• [Goal of the exercise] The output should be the listing below, limited to the lines from the one with "This all-in-one wedding" through the one with "Wij kwamen op", exact and without pictures.

• [Exercise input]
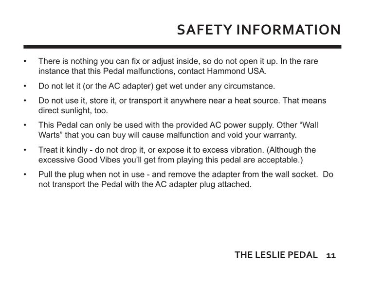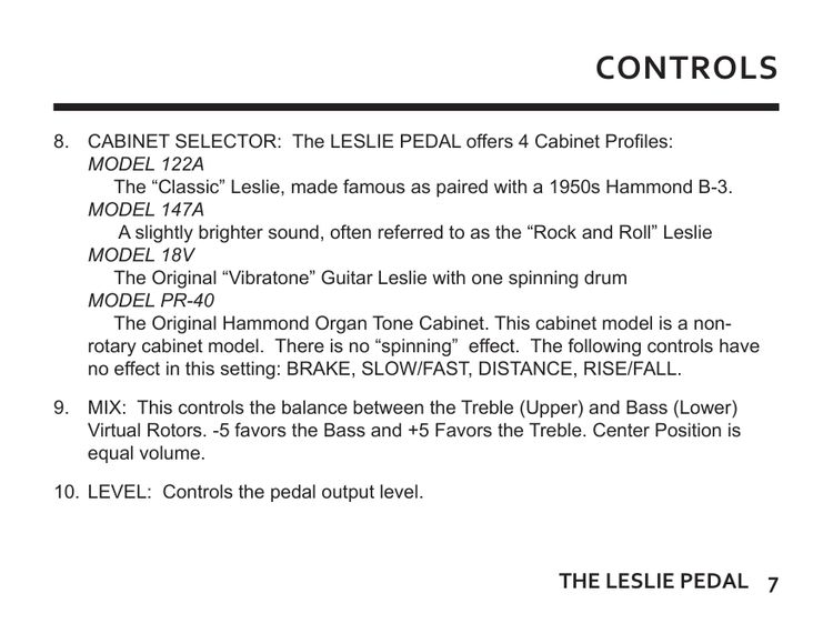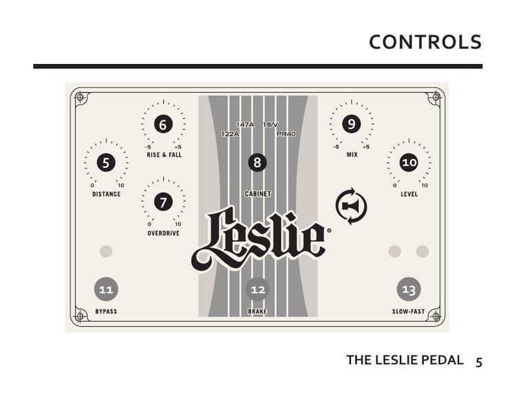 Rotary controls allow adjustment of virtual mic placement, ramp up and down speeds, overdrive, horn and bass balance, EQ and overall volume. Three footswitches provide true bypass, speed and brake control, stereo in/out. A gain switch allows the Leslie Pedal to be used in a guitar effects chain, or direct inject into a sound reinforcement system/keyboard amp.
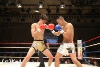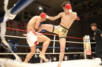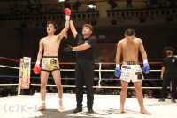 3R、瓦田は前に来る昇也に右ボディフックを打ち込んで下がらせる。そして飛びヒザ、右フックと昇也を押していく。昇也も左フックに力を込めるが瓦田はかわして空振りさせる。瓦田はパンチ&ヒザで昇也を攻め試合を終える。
--
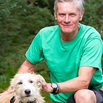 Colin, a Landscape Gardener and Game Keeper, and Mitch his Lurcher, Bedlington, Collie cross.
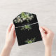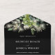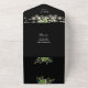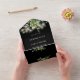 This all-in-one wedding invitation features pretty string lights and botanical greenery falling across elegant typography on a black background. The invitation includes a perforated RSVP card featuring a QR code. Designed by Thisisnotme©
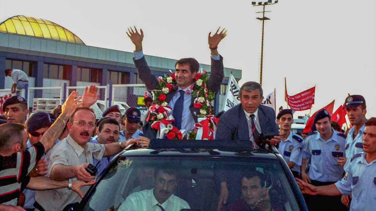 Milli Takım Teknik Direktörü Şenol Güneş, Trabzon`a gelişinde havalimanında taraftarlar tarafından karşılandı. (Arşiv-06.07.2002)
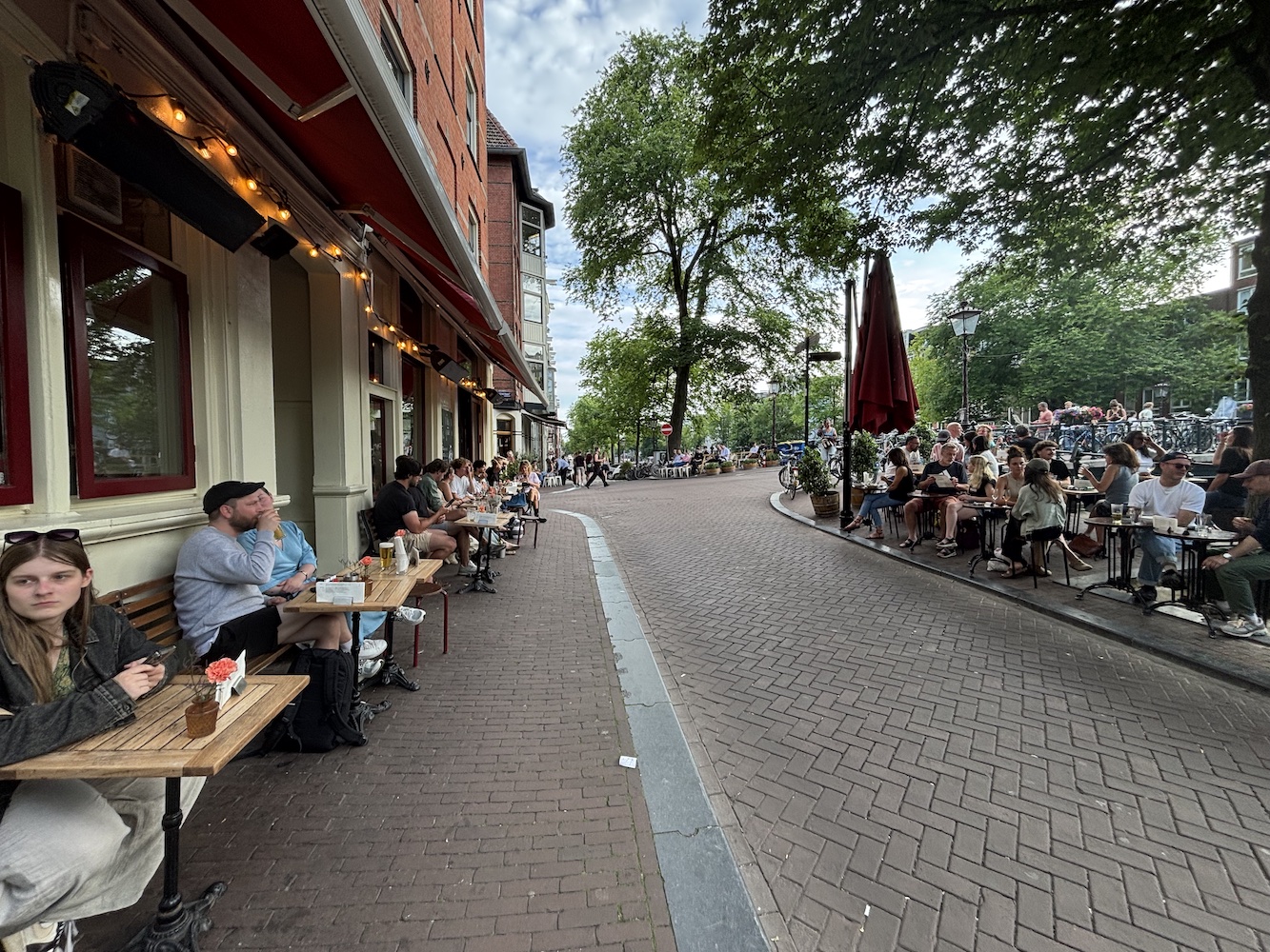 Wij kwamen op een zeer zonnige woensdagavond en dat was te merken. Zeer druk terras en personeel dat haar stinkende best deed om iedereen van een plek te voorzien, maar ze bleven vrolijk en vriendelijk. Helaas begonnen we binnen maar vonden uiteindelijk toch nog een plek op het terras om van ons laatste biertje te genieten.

• [Output of the exercise]
 This all-in-one wedding invitation features pretty string lights and botanical greenery falling across elegant typography on a black background. The invitation includes a perforated RSVP card featuring a QR code. Designed by Thisisnotme©
 Milli Takım Teknik Direktörü Şenol Güneş, Trabzon`a gelişinde havalimanında taraftarlar tarafından karşılandı. (Arşiv-06.07.2002)
 Wij kwamen op een zeer zonnige woensdagavond en dat was te merken. Zeer druk terras en personeel dat haar stinkende best deed om iedereen van een plek te voorzien, maar ze bleven vrolijk en vriendelijk. Helaas begonnen we binnen maar vonden uiteindelijk toch nog een plek op het terras om van ons laatste biertje te genieten.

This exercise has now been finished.